The Blue leader, whoever it turns out to be, will look far left to assign key administrative posts, with the caveat that the military remain untouchable.  Following the Keynesian prescription for economic calamity, they’ll need the war machine ready for a major confrontation when the free money stops buying things and the media are urging people to demand someone who talks funny to blame.  


As the military has no trouble finding boogeymen to justify its budget, so public health officials will keep the public half-faced with corona enemies.  Suppression of rebuttals on social media will accelerate.  Even some non-traditional culture will be wiped out — one possibility being the recently-surging homeschooling movement.  An obedient citizen is a state-educated citizen.   Can’t have deplorables teaching their kids, which they will try to do anyway.  Thus, can’t have deplorables.


Such is the Blob rolling our way. 


We've been through worse


Should we lose any sleep over this?  No.


Think about it: The country has been through much worse.  Not us, personally, but Americans during the Civil War and the two world wars.  For those who need briefing on the Civil War see Thomas DiLorenzo’s excellent work.  One result of Lincoln’s war was the death of federalism — the states became second-class members of the great unity called the United States, not these United States.  Later, Woodrow Wilson proved to be an effective conman by running on the slogan “he kept us out of war” in 1916, then after being re-elected pleaded for Congress to send American boys overseas to murder and be murdered so Morgan’s investments wouldn’t go sour.  Preceding the Armistice of November 11, 1918 the Influenza Pandemic arrived in April that killed more people than the war-- between 20 and 40 million people.  Other estimates are higher.  Unlike today’s corona scare the flu took its heaviest toll on the young.   

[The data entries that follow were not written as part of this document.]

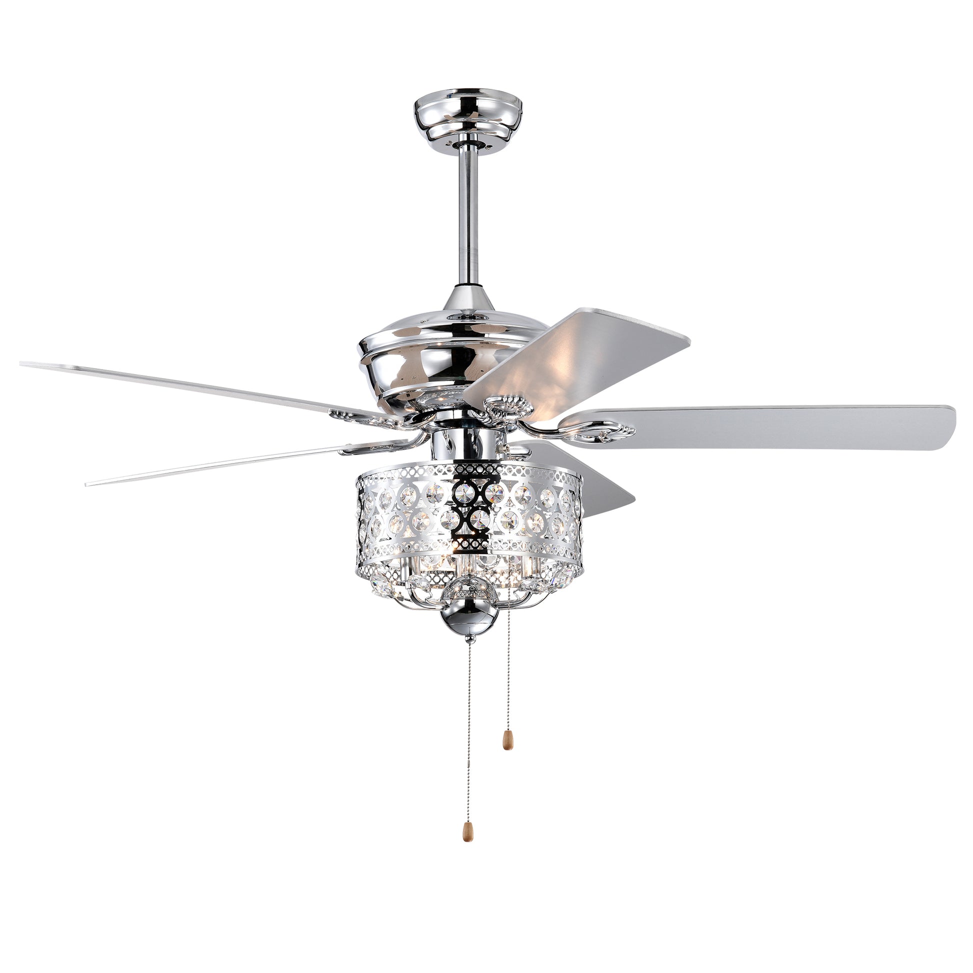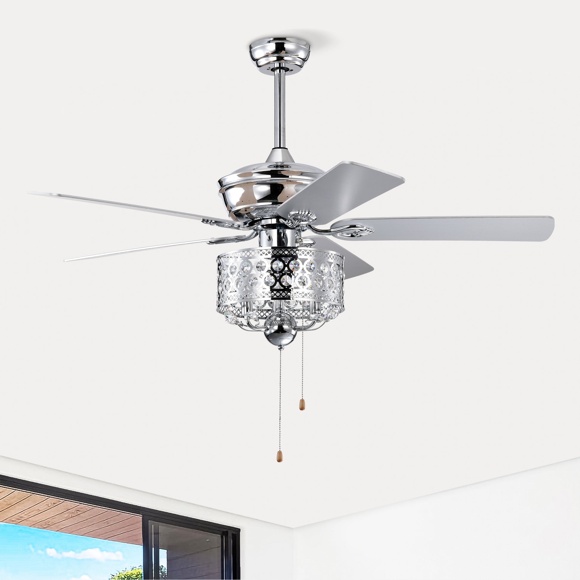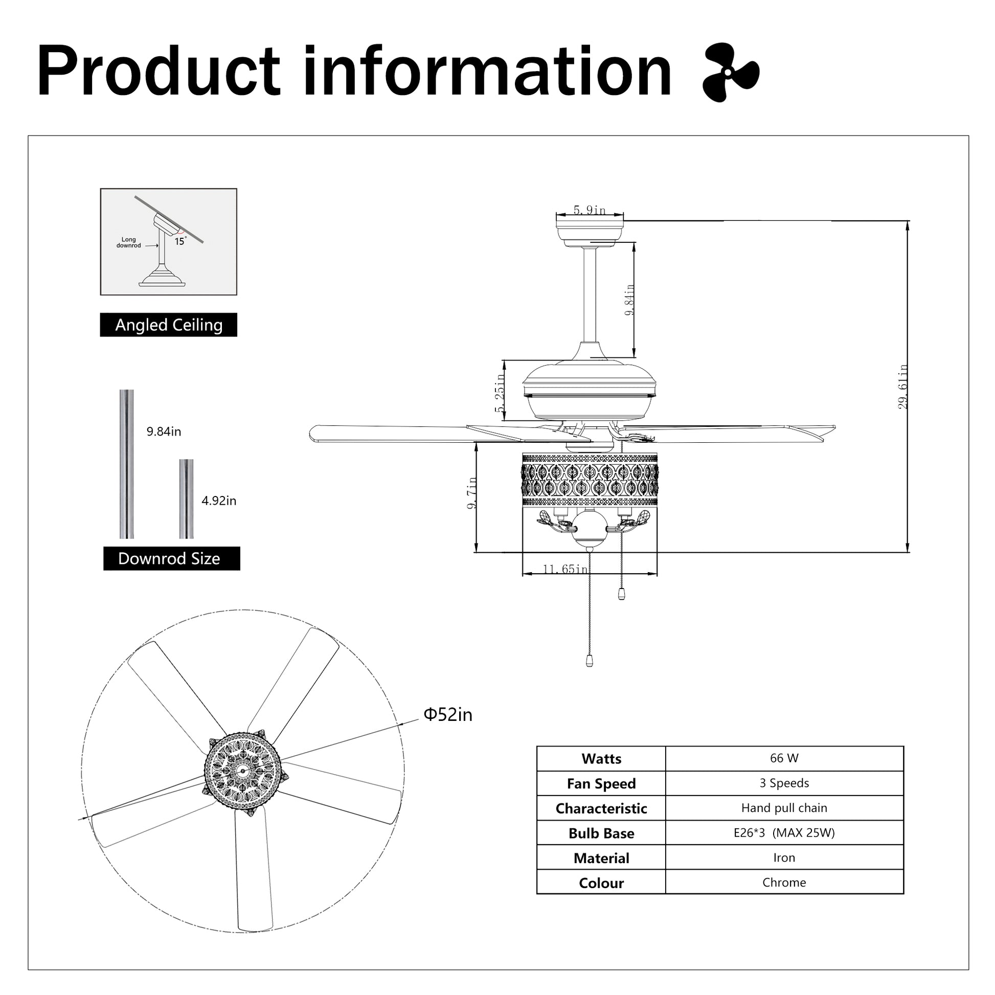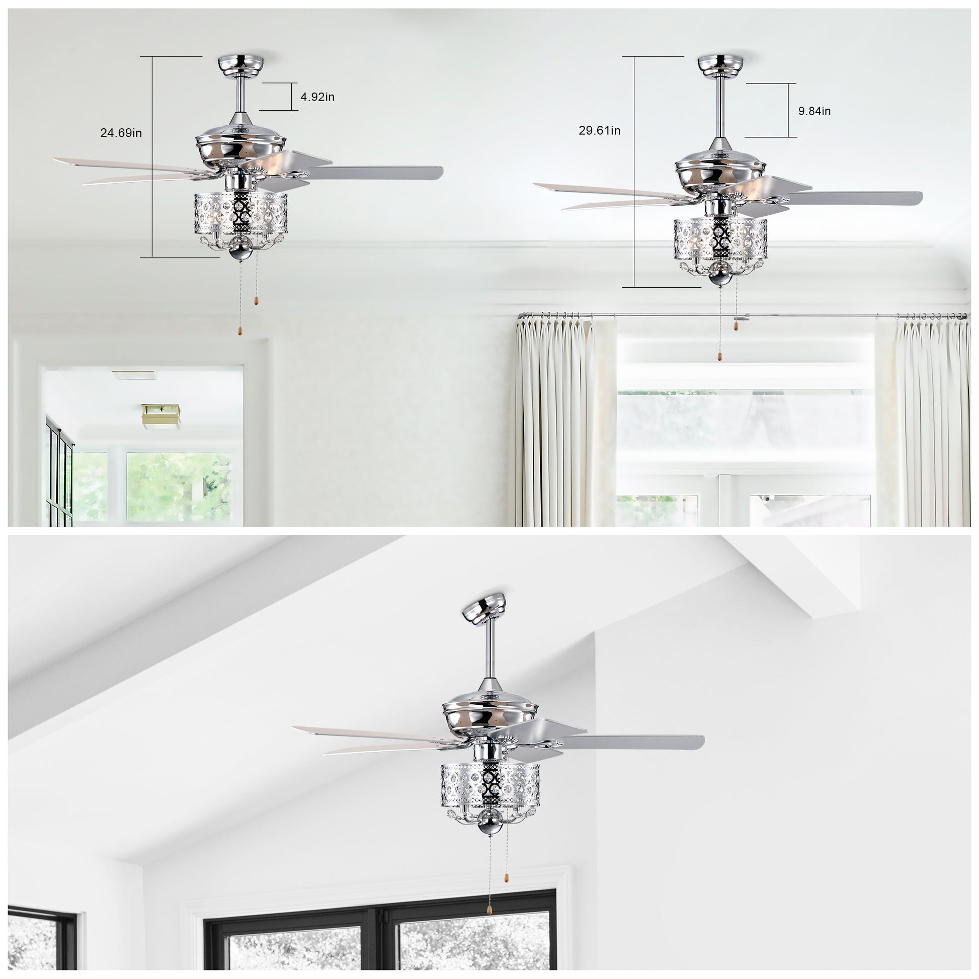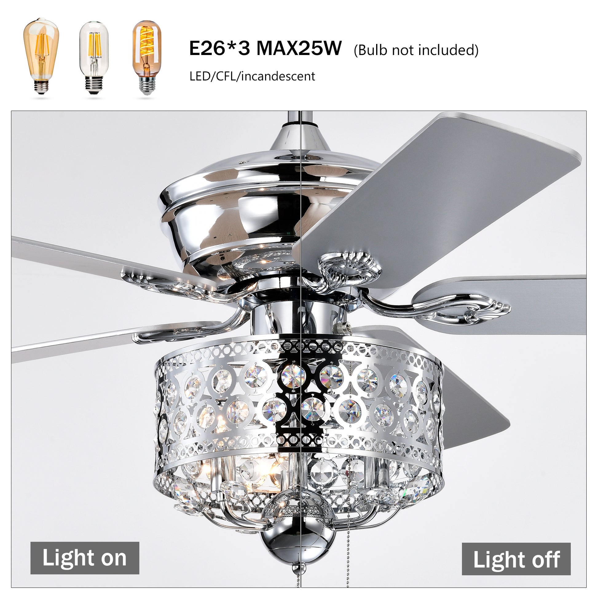 Chrome 52" Ceiling Fan with Reversible Motor - Indoor Use, Pull Chain Control (No Light Bulb)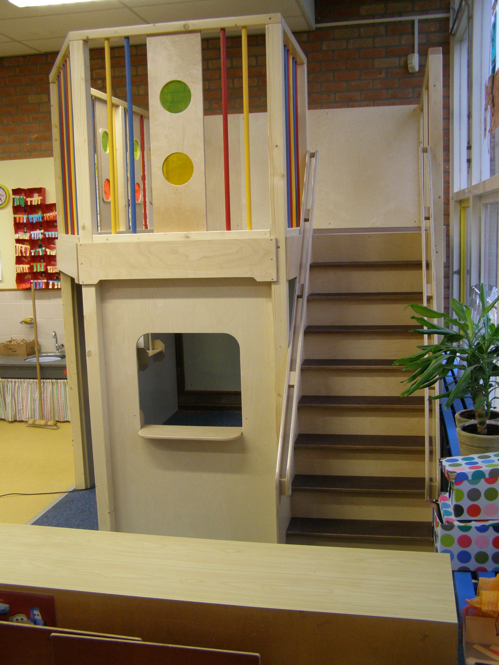 Waarom past de Castilo speelwerkverdieping in uw kinderopvang of school? Wanneer uw ruimte-indeling vraagt om een vrije voor- of middenzijde, biedt trap rechtsachter dezelfde voordelen als linksachter — maar gespiegeld. Handig wanneer de rechter achterwand van uw ruimte de meest logische plek voor een trapopening is. Volledig op maat in breedte en kleur.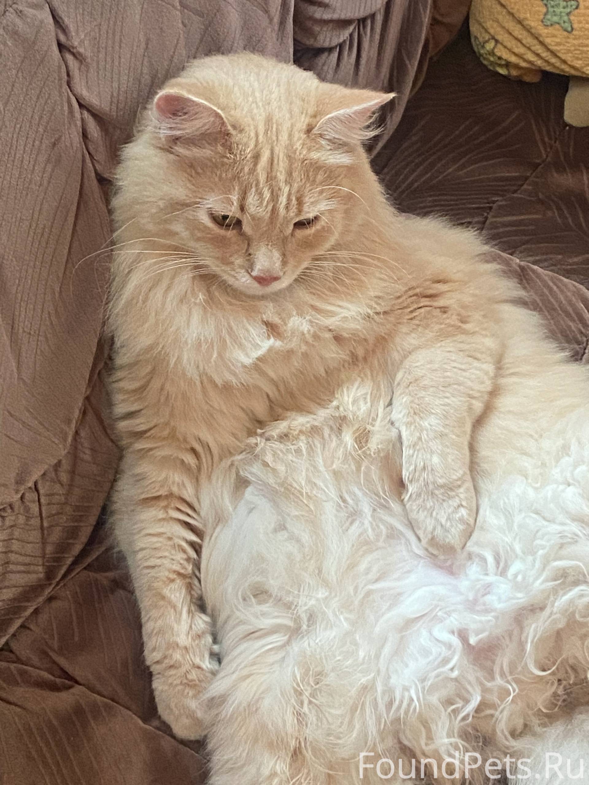 2 года. Персиковый, пушистый очень. Ушел с дачного участка в сильный дождь 19 июля.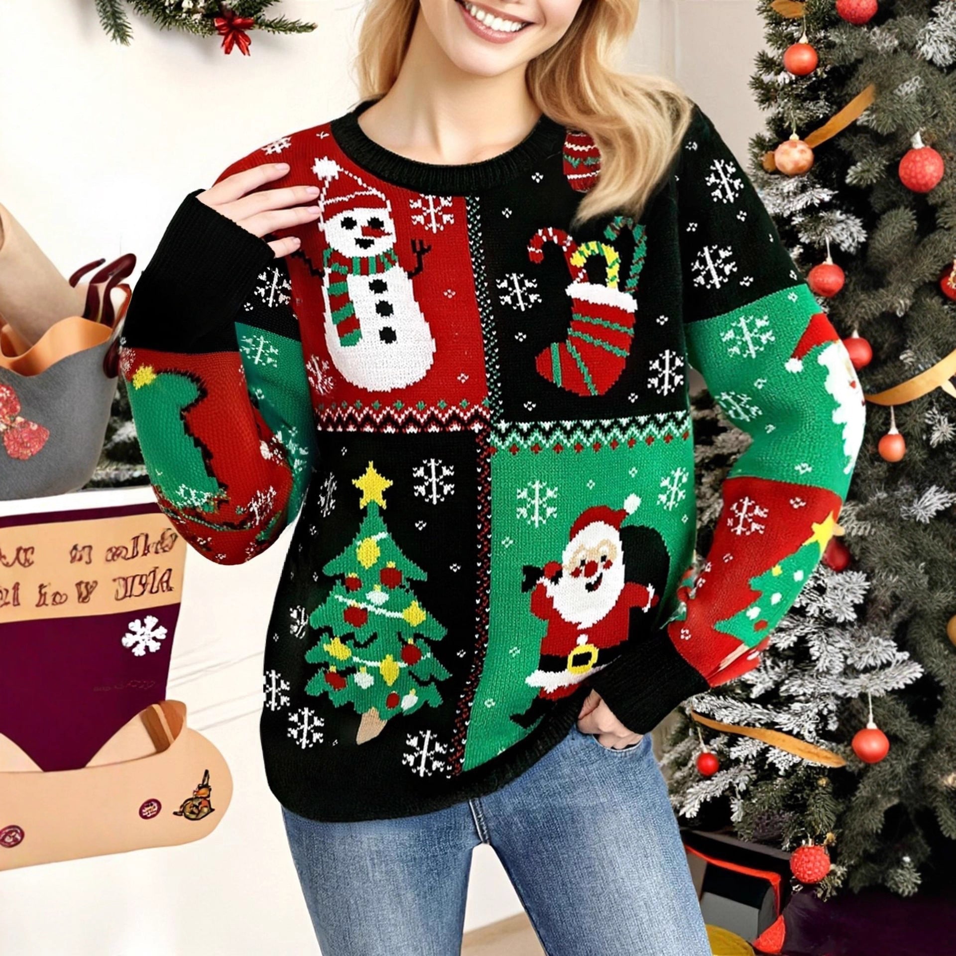 Fai una Dichiarazione Divertente e Festiva con questo Maglione a Maniche Lunghe Nero da Donna. Mostra il tuo spirito natalizio con il nostro audace Maglione a Maniche Lunghe Nero da Donna. Questo capo unico si distingue dai design tradizionali, presentando un Motivo a Maglia Natalizio Multi-Pannello Festivo che include un pupazzo di neve divertente e un motivo a albero di Natale. Lo sfondo Nero offre una Base Festiva Accattivante per i pannelli colorati e stravaganti. Con il suo classico Girocollo e la vestibilità accogliente, questo maglione offre un Abbigliamento Festivo Umoristico e confortevole, perfetto per qualsiasi evento casual.
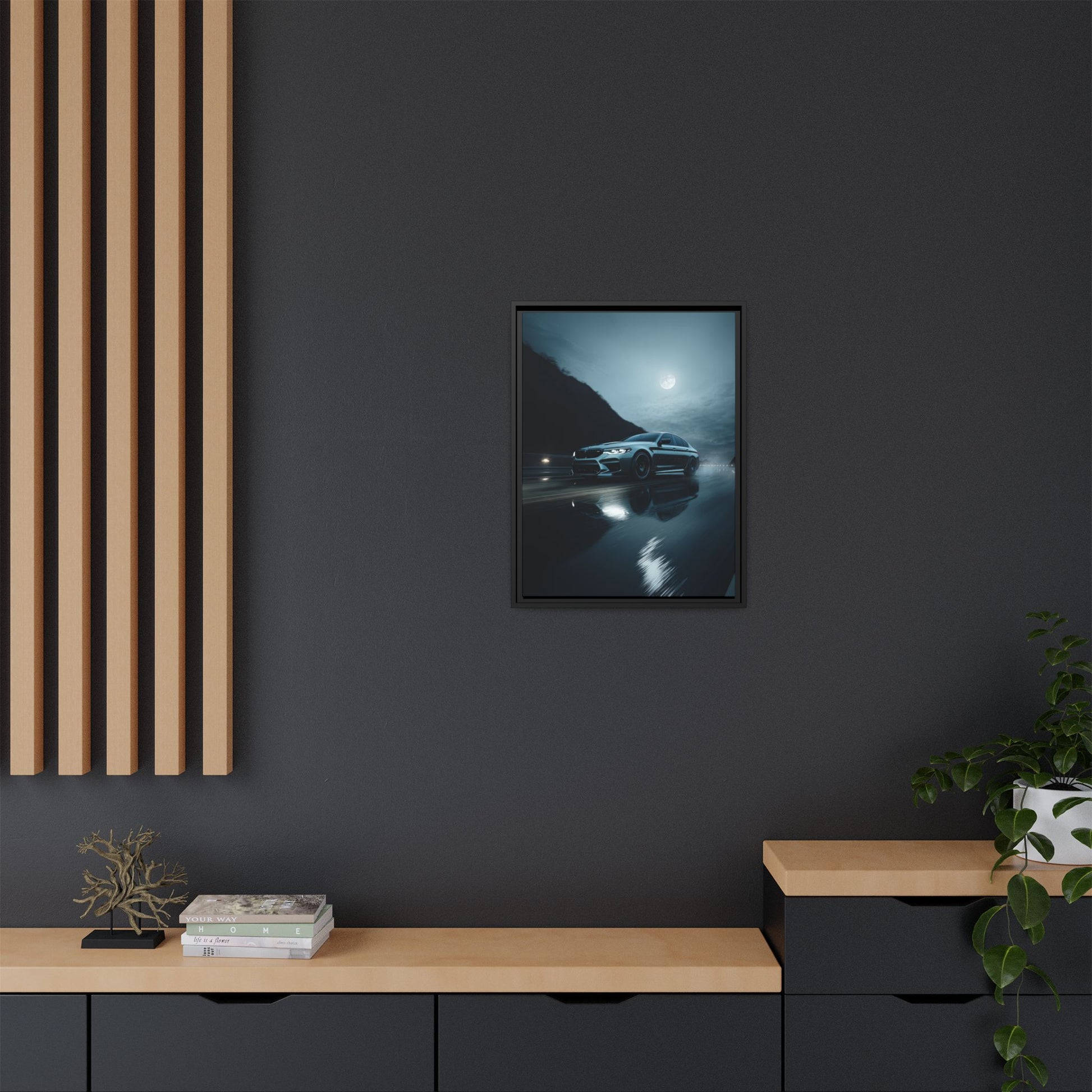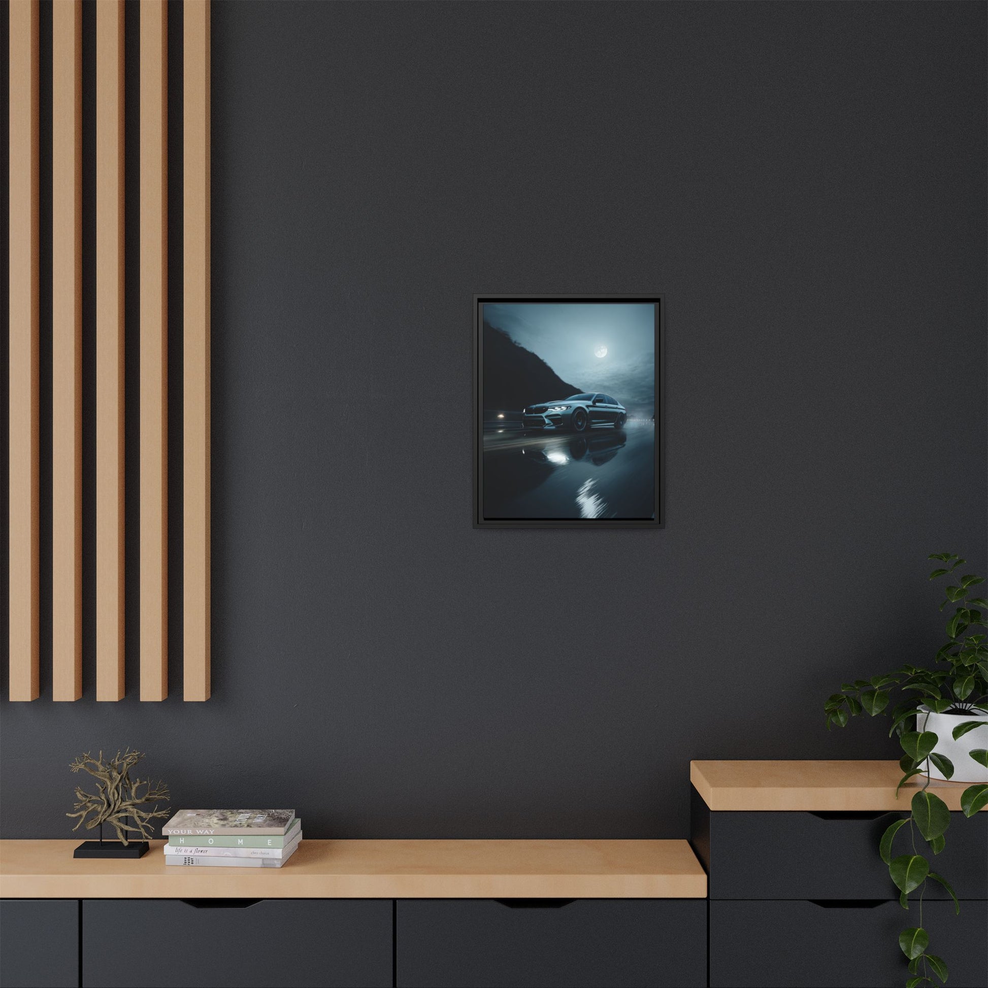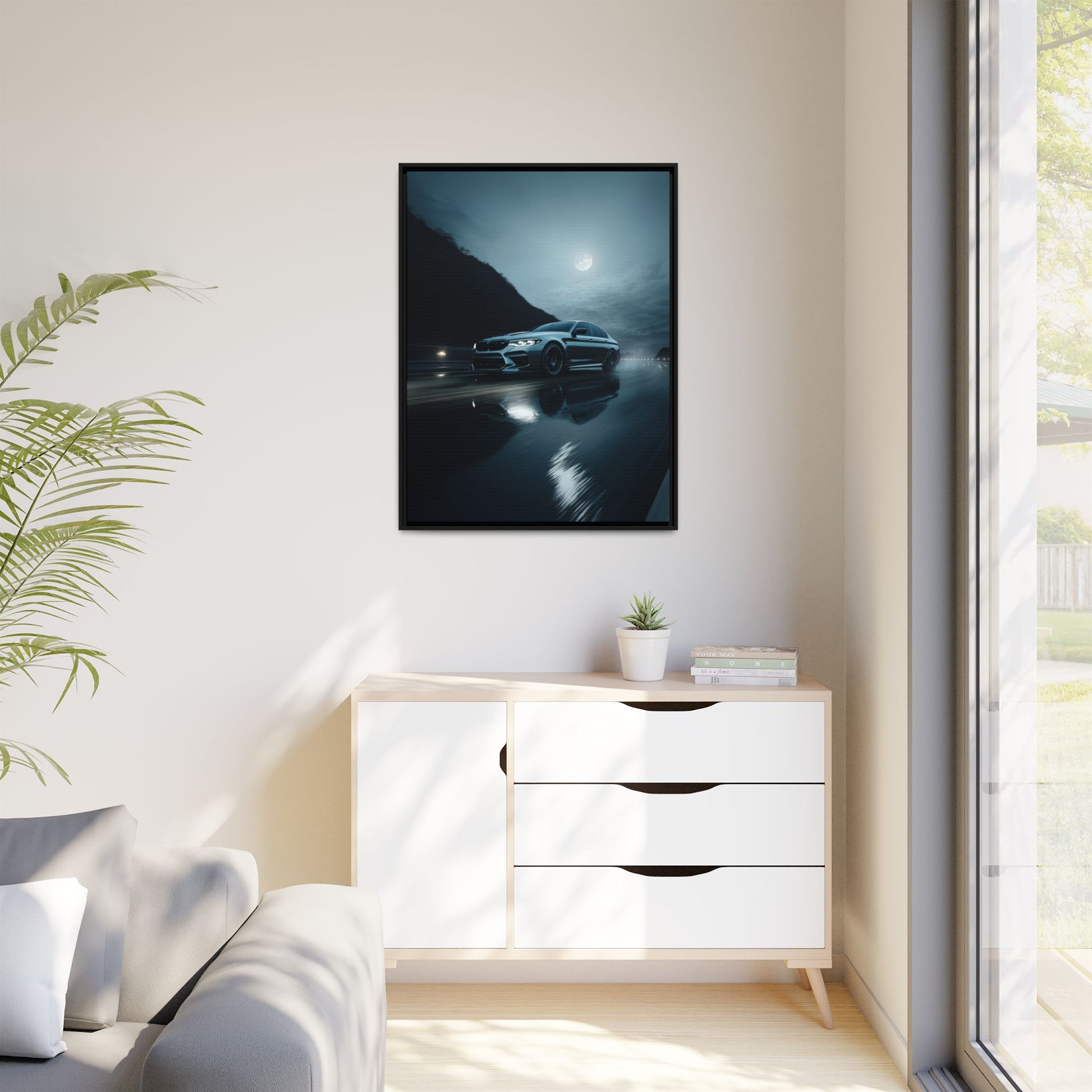 A sleek matte canvas capturing the BMW M5 Competition in its refined yet aggressively engineered form. Precise rim-lighting carves out the wide stance, sharp character lines, and performance-focused contours, creating a cinematic silhouette that blends executive luxury with M-powered precision in a glare-free, museum-grade finish.

The death rate for 15 to 34-year-olds of influenza and pneumonia were 20 times higher in 1918 than in previous years (Taubenberger). People were struck with illness on the street and died rapid deaths. One anecdote shared of 1918 was of four women playing bridge together late into the night. Overnight, three of the women died from influenza (Hoagg). Others told stories of people on their way to work suddenly developing the flu and dying within hours (Henig).  (source)

And for the survivors the pain was only beginning.  First the Crash of 1929 that the FED was created to avoid but in fact caused, then Hoover’s meddling, then FDR’s New Deal created the dark decade of the Thirties, followed by the inferno of another world war, heir to the first one and much worse in terms of casualties and destruction. From WW II emerged the National Security Act that created the National Security State, a hallmark of totalitarian regimes found right here in “free” America.  And we were soon off on another war, this one Cold though interrupted by hot ones in Korea and Vietnam.  


After all that and much more — 9/11, the Bush lies justifying foreign invasions, the Great Recession (see an excellent video on this) — we’re still standing. 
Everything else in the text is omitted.